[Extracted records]
=== Section Start ===

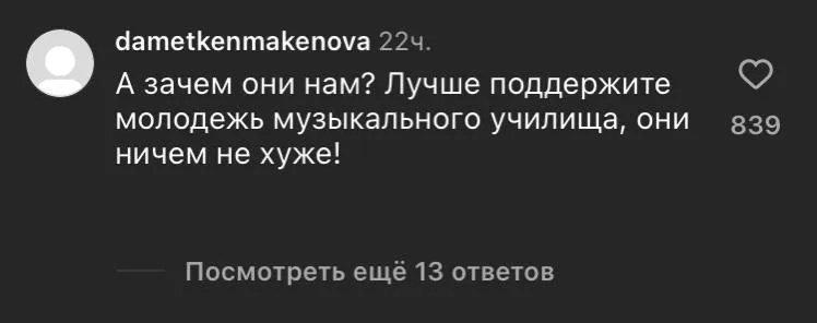 «А зачем они нам? Лучше поддержите молодежь музыкального училища, они ничем не хуже!».
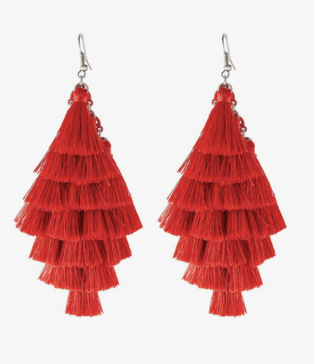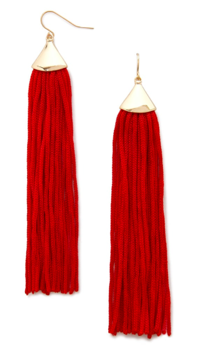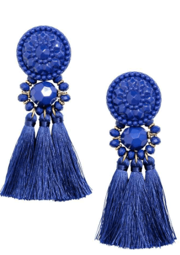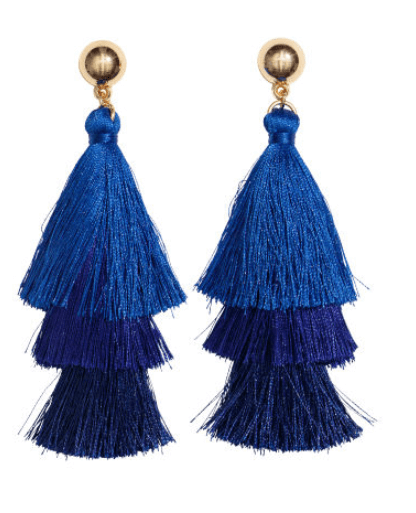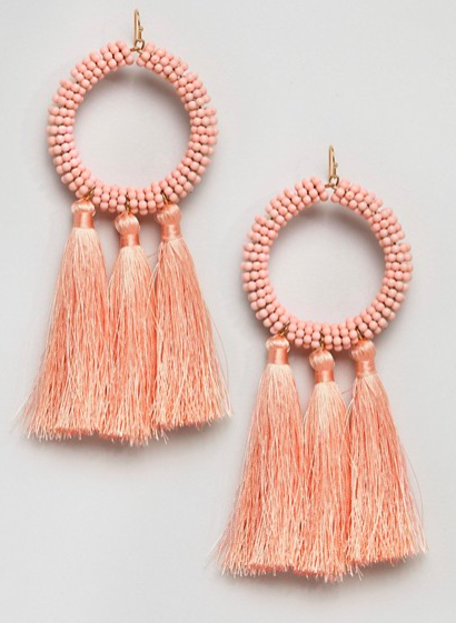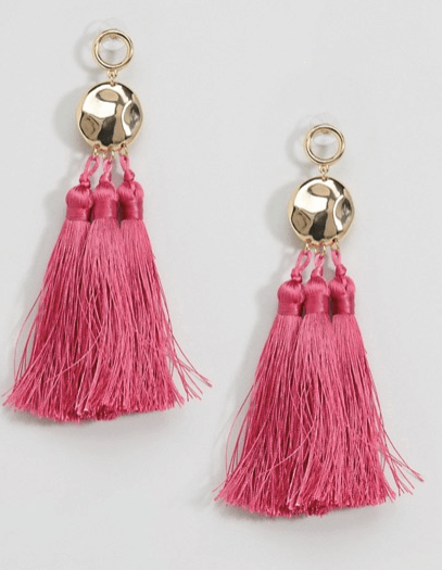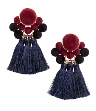 Une tenue n’est jamais totalement terminée sans la petite touche d’accessoires. Pour cela, rien de mieux que les boucles d’oreilles à pompons ou « tassel earrings » (pour nos amis anglo saxons).
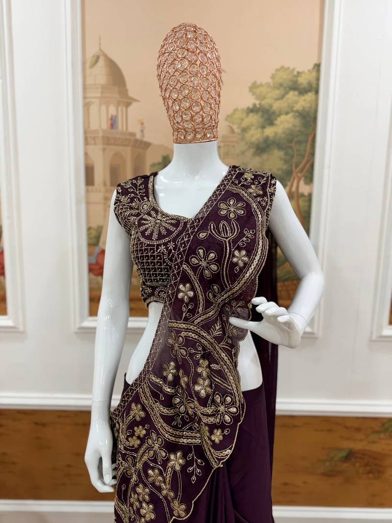 Wine color embroidery thread & semi beads work ready to wear silk saree
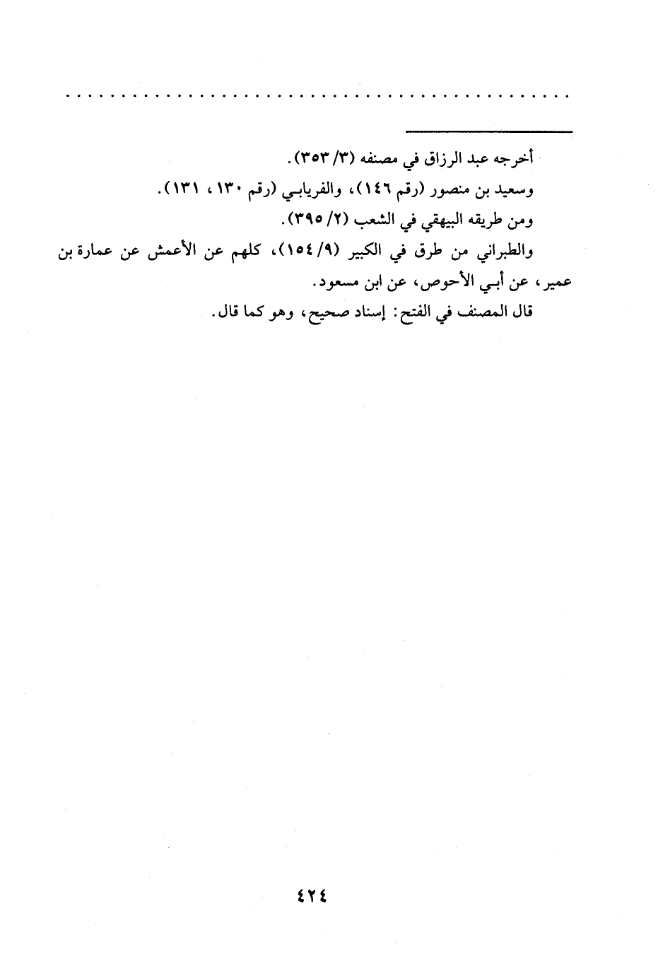 والطبراني من طرق في الكبير (9/ 154)، كلهم عن الأعمش عن عمارة بن عمير، عَنِ أَبِي الْأَحْوَصِ، عَنِ ابْنِ مَسْعُودٍ.
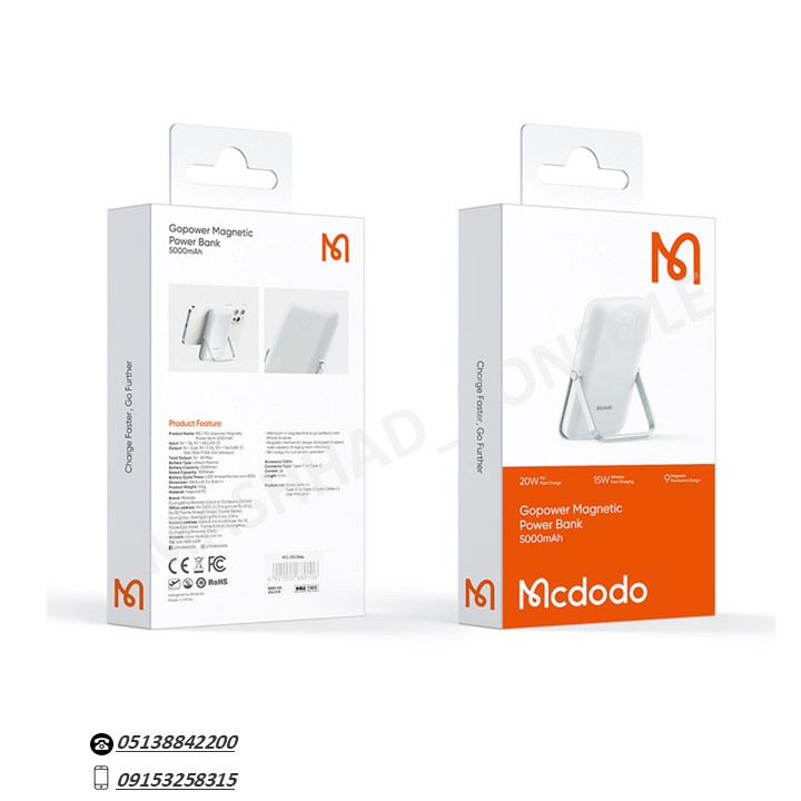 پاوربانک Mcdodo MC-7050 یه شارژ همراه فوق‌العاده سبک و جمع‌وجوره که برای کسانی مناسبه که دست‌شون همیشه به شارژر نرسه — تو سفر، بیرون از خونه، محل کار یا دانشگاه. این مدل با ظرفیت 5000 میلی‌آمپر ساعت و طراحی مگ‌سیف / وایرلس (MagSafe / Wireless) عرضه شده، یعنی اگر گوشی‌ت قابلیت شارژ بی‌سیم داشته باشه، بدون کابل می‌تونیش شارژ کنی؛ خیلی راحت و بدون دردسر.
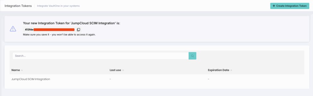 Copy the token that is displayed and store it securely. This token will authenticate JumpCloud to VaultOne’s SCIM API.
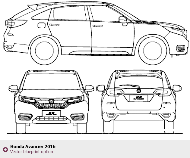 Raster blueprint of the 2016 Honda Avancier Tag. This free downloadable image can be used for graphic projects, digital design, and 3D modeling. The file provides accurate exterior proportions of the vehicle. Model year: 2016. Body type: Tag.
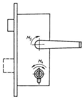 Измененная редакция (Изм. №1). 4.2.2. Сборочные единицы засова, защелкивающего засова и запорную планку испытывают приложением силы P1м = 4900 H (500 кгс) и Р6 = 785 Н (80 кгс) в течение не менее 1 мин. Испытание сборочных единиц силой Р1 = 2940 Н (300 кгс) допускается до 01.04.94. Измененная редакция (Изм. №1). 4.2.3. Сборочные единицы защелки испытывают моментом силы М1 = 15 Н×м (1,5 кгс×м) к фалевой ручке или ручке-кнопке в течение 1 мин. При этом защелка должна быть полностью введена в корпус защелки. 4.2.4. Ключ испытывают приложением момента силы М2 = 2 Н×м (0,2 кгс×м) в течение 1 мин при полностью выведенном засове (засове-защелке). 4.2.5. Перед испытанием замков по п.4.2.2 засов или засов-защелка должен быть полностью выведен из корпуса замка вращением ключа. Измененная редакция (Изм. №1). 4.2.6. Сборочные единицы предохранителя накладного замка испытывают приложением возрастающего по времени момента силы М3. Перед началом испытаний засов или засов-защелку, а также защелку в выведенном положении из корпуса ставят на предохранитель. Испытания прекращают при деформации или поломке ключа (постоянного ключа). 4.3. Определение эксплуатационных усилий замков и защелок 4.3.1. Эксплуатационные усилия замков и защелок определяют измерением сил Р2, Р3, P4 и моментов сил М4, M5, прикладываемых к их сборочным единицам в соответствии со схемами, указанными на черт. 7-12.
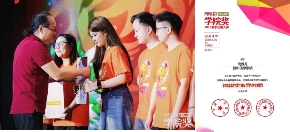在颁奖现场,广告人文化集团董事长李文龙先生亲自为高雅月老师颁发优秀指导教师奖。这一奖项不仅是对高雅月老师个人教学成果的高度认可,也是对晋中信息学院视觉传达设计专业教学水平的充分肯定。高老师表示,此次获奖是课程教学改革的重要成果,未来将继续推动“以赛促学、以赛育人”模式,让更多学生在实战中成长。
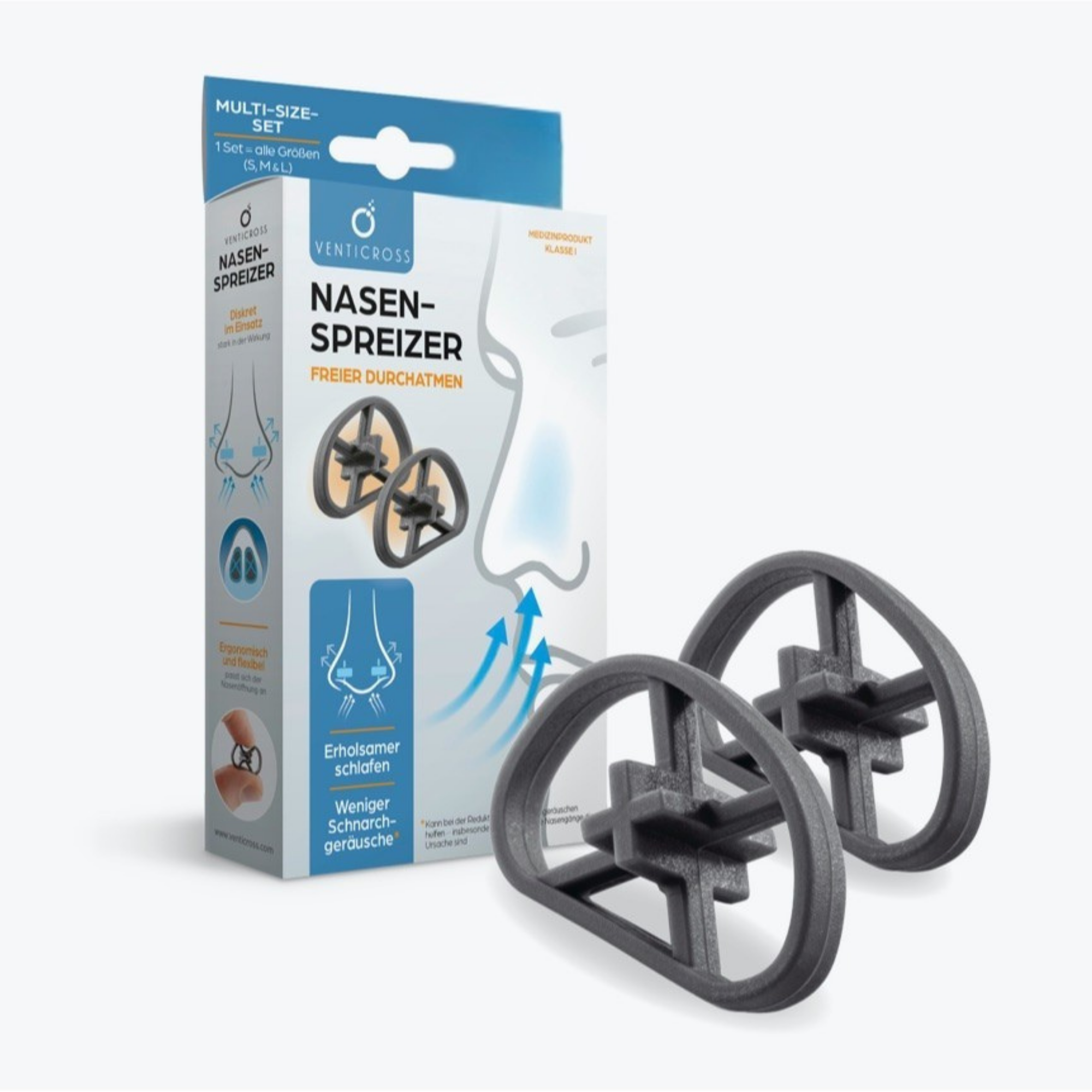Dabei legen wir besonderen Wert auf Qualität, Komfort und Alltagstauglichkeit. Venticross besteht aus flexiblem medizinischem Silikon und ist so konzipiert, dass es sich ergonomisch an die Nasenöffnung anpasst.

=== Section End ===

GOAL OF THE EXERCISE>
Exactly the lines above from the one that contains "Wine color embroidery" down to the one that contains "Copy the token" are to be output, both ends kept and pictures omitted.

WRITTEN RESPONSE>
 Wine color embroidery thread & semi beads work ready to wear silk saree
 والطبراني من طرق في الكبير (9/ 154)، كلهم عن الأعمش عن عمارة بن عمير، عَنِ أَبِي الْأَحْوَصِ، عَنِ ابْنِ مَسْعُودٍ.
 پاوربانک Mcdodo MC-7050 یه شارژ همراه فوق‌العاده سبک و جمع‌وجوره که برای کسانی مناسبه که دست‌شون همیشه به شارژر نرسه — تو سفر، بیرون از خونه، محل کار یا دانشگاه. این مدل با ظرفیت 5000 میلی‌آمپر ساعت و طراحی مگ‌سیف / وایرلس (MagSafe / Wireless) عرضه شده، یعنی اگر گوشی‌ت قابلیت شارژ بی‌سیم داشته باشه، بدون کابل می‌تونیش شارژ کنی؛ خیلی راحت و بدون دردسر.
 Copy the token that is displayed and store it securely. This token will authenticate JumpCloud to VaultOne’s SCIM API.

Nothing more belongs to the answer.